Material provided: Begin

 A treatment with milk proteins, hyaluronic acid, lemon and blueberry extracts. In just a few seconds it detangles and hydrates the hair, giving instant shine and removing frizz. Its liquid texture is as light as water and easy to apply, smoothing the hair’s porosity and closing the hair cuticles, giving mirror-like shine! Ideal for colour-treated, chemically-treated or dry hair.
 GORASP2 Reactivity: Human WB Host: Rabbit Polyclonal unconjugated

Material provided: End
Material provided: Begin

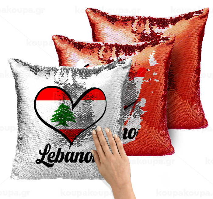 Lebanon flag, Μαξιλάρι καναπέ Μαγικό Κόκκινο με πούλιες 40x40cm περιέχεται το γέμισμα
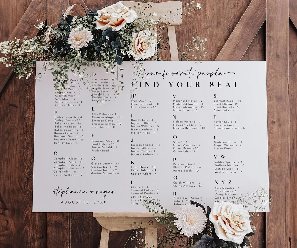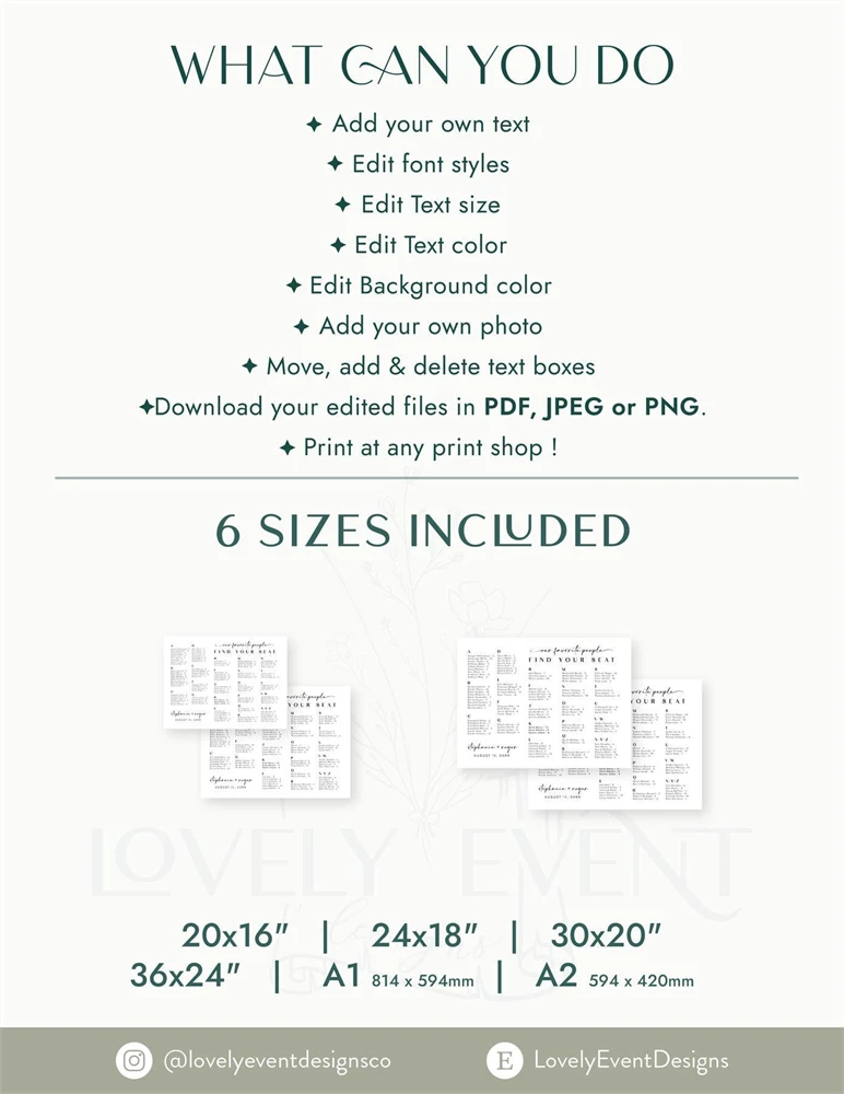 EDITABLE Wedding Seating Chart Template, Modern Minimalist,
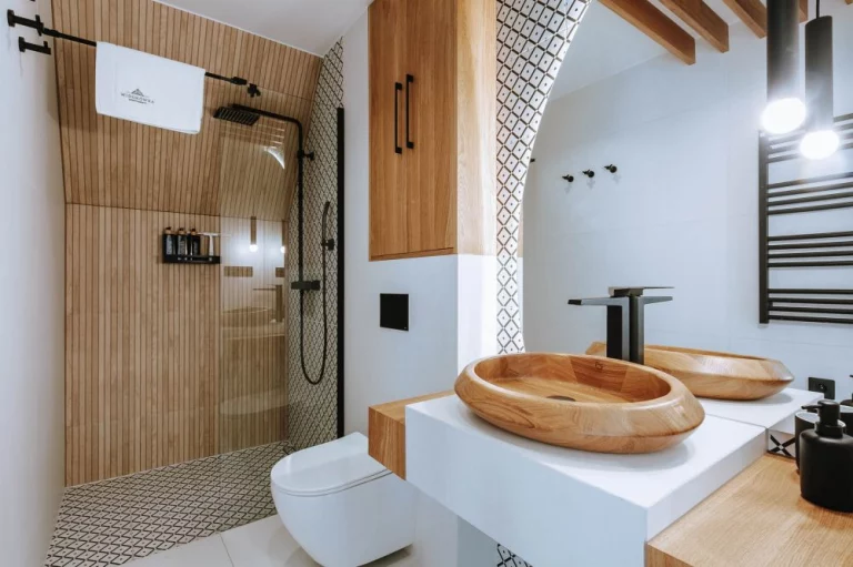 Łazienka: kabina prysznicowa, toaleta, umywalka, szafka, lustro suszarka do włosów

Material provided: End

### [Work instruction]
Reproduce, word for word and in full, only the lines above that start at the line with "A treatment with" and run through the line with "GORASP2 Reactivity: Human", both ends included.

### [Output for this exercise]
 A treatment with milk proteins, hyaluronic acid, lemon and blueberry extracts. In just a few seconds it detangles and hydrates the hair, giving instant shine and removing frizz. Its liquid texture is as light as water and easy to apply, smoothing the hair’s porosity and closing the hair cuticles, giving mirror-like shine! Ideal for colour-treated, chemically-treated or dry hair.
 GORASP2 Reactivity: Human WB Host: Rabbit Polyclonal unconjugated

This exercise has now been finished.